TİKA açılış töreninde konuşan Cumhurbaşkanımız Sayın Recep Tayyip Erdoğan’ın şu sözlerini bu yazı için ayırdım:
“Bazı köşe yazarlarını görüyoruz, ‘ecdat’ dediğiniz zaman bozuluyorlar, çünkü bunlar köksüz, cibilliyeti bozuk! İstanbul’da Boğazkesen Hisarı yani bugünkü Rumeli Hisarı… Ecdâdımız buraya güzel bir mescid inşa etmiş. Büyükşehir Belediye Başkanı iken bunu yapmak istedik ama yargı ile boğuşmadan dolayı sonucu yapamadık. Geriye sadece minare kaldı. Allah’tan minaresi kaldı, yoksa ‘Burası cami değil’ diyecekler. Sonra tiyatro ve konser alanı olarak kullanılıyordu. Sonunda aslına uygun haline getirilmeye başlandı. İnşaat şu an sürüyor, inşallah bayrama yetişecek. -Yapanlardan Allah razı olsun.- Bakıyoruz bir ödül töreninde sanatçı olduğu iddiasında bulunan (birileri) ‘Biz buraya bunu yaptırtmayız!’ diyor siz kimin bağından kimi kovuyorsunuz ya. Paralel yapı gazetesi de tam sayfa haberle buna destek veriyor. Bu iki kesim Gezi olayları sırasındaki gizli işbirliklerini artık alenen gösteriyorlar. Hâle bak!
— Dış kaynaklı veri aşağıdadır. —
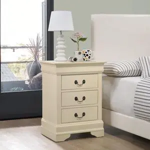 Pearl White Traditional 1pc Nightstand Only Solid wood 2-Drawers Round Knobs Bedside Table Genuine Marble Top on Night Stand Bedroom Furniture

Geçmişine sahip çıkmayanın geleceği olamaz.”
Ben Recep Tayyip Erdoğan’ın bu halini seviyorum; Doğru bildiğini, inandığını, komplekse girmeden, en kestirme yoldan söylüyor.
Yürekten konuşuyor ve yüreklere hitap ediyor.
Dilerdim ki, bunları dillendiren “niceleri” olsun!..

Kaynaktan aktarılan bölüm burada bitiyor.